We remove the variable ‘Case.No.’ so that we can process the data for cluster analysis.
coffee_1 <- coffee %>%
select(x1:x6)
coffee_1
## Source: local data frame [20 x 6]
##
## x1 x2 x3 x4 x5 x6
## 1 6 4 7 3 2 3
## 2 2 3 1 4 5 4
## 3 7 2 6 4 1 3
## 4 4 6 4 5 3 6
## 5 1 3 2 2 6 4
## 6 6 4 6 3 3 4
## 7 5 3 6 3 3 4
## 8 7 3 7 4 1 4
## 9 2 4 3 3 6 3
## 10 3 5 3 6 4 6
## 11 1 3 2 3 5 3
## 12 5 4 5 4 2 4
## 13 2 2 1 5 4 4
## 14 4 6 4 6 4 7
## 15 6 5 4 2 1 4
## 16 3 5 4 6 4 7
## 17 4 4 7 2 2 5
## 18 3 7 2 6 4 3
## 19 4 6 3 7 2 7
## 20 2 3 2 4 7 2
We do Ward heirarchical cluster
d <- dist(coffee_1, method = "euclidean") # distance matrix
fit <- hclust(d, method = "ward")
plot(fit)
We group the cluster to decide how many clusters we want
groups <- cutree(fit, k = 3) # cut tree into 3 clusters
groups
## [1] 1 2 1 3 2 1 1 1 2 3 2 1 2 3 1 3 1 3 3 2
We go head and add the new variable ‘groups’ to the original dataset
coffee_clust <- data.frame(coffee, groups)
coffee_clust
## Case.No. x1 x2 x3 x4 x5 x6 groups
## 1 1 6 4 7 3 2 3 1
## 2 2 2 3 1 4 5 4 2
## 3 3 7 2 6 4 1 3 1
## 4 4 4 6 4 5 3 6 3
## 5 5 1 3 2 2 6 4 2
## 6 6 6 4 6 3 3 4 1
## 7 7 5 3 6 3 3 4 1
## 8 8 7 3 7 4 1 4 1
## 9 9 2 4 3 3 6 3 2
## 10 10 3 5 3 6 4 6 3
## 11 11 1 3 2 3 5 3 2
## 12 12 5 4 5 4 2 4 1
## 13 13 2 2 1 5 4 4 2
## 14 14 4 6 4 6 4 7 3
## 15 15 6 5 4 2 1 4 1
## 16 16 3 5 4 6 4 7 3
## 17 17 4 4 7 2 2 5 1
## 18 18 3 7 2 6 4 3 3
## 19 19 4 6 3 7 2 7 3
## 20 20 2 3 2 4 7 2 2
We take the mean value of each cluster to segregate the data
coffee_clust %>%
group_by(groups) %>%
summarise_each(funs(mean),x1, x2, x3, x4, x5, x6)

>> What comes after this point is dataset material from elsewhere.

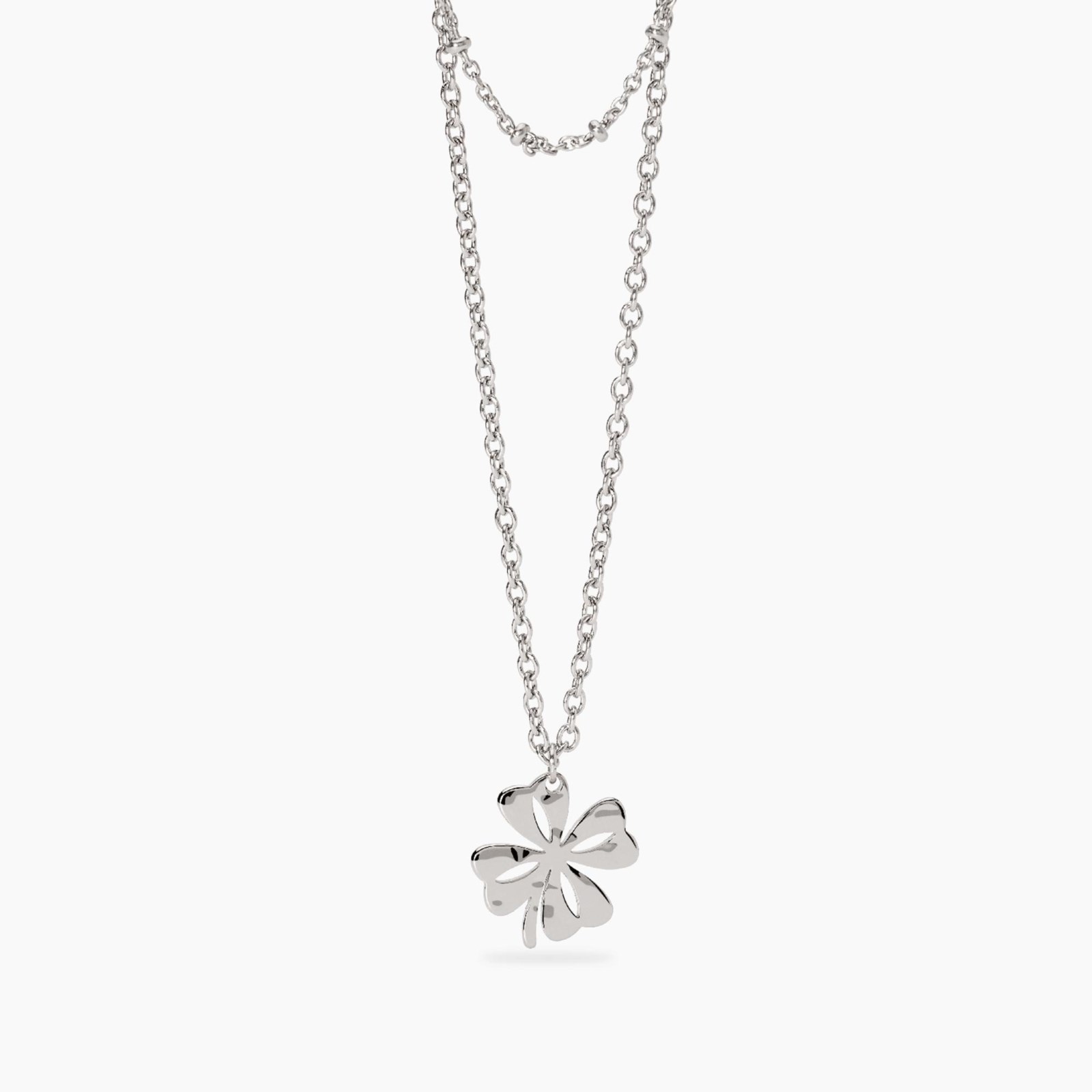 Collana donna kidult, 851093, collezione style, in acciaio con catene rolò e pendente quadrifoglio in acciaio martellato. • Dimensione catene: 1, 6 e 2 mm • Dimensione quadrifoglio: 15x15 mm • Misura regolabile, lunghezza da 45 a 50 cm

## Source: local data frame [3 x 7]
##
## groups x1 x2 x3 x4 x5 x6
## 1 1 5.750 3.625 6.000 3.125 1.875 3.875
## 2 2 1.667 3.000 1.833 3.500 5.500 3.333
## 3 3 3.500 5.833 3.333 6.000 3.500 6.000
We see which group has the highest mean value in each statement which are x1, x2, x3, x4, x5 and x6. Based on this we segment the customers and target the group to expand the coffee market.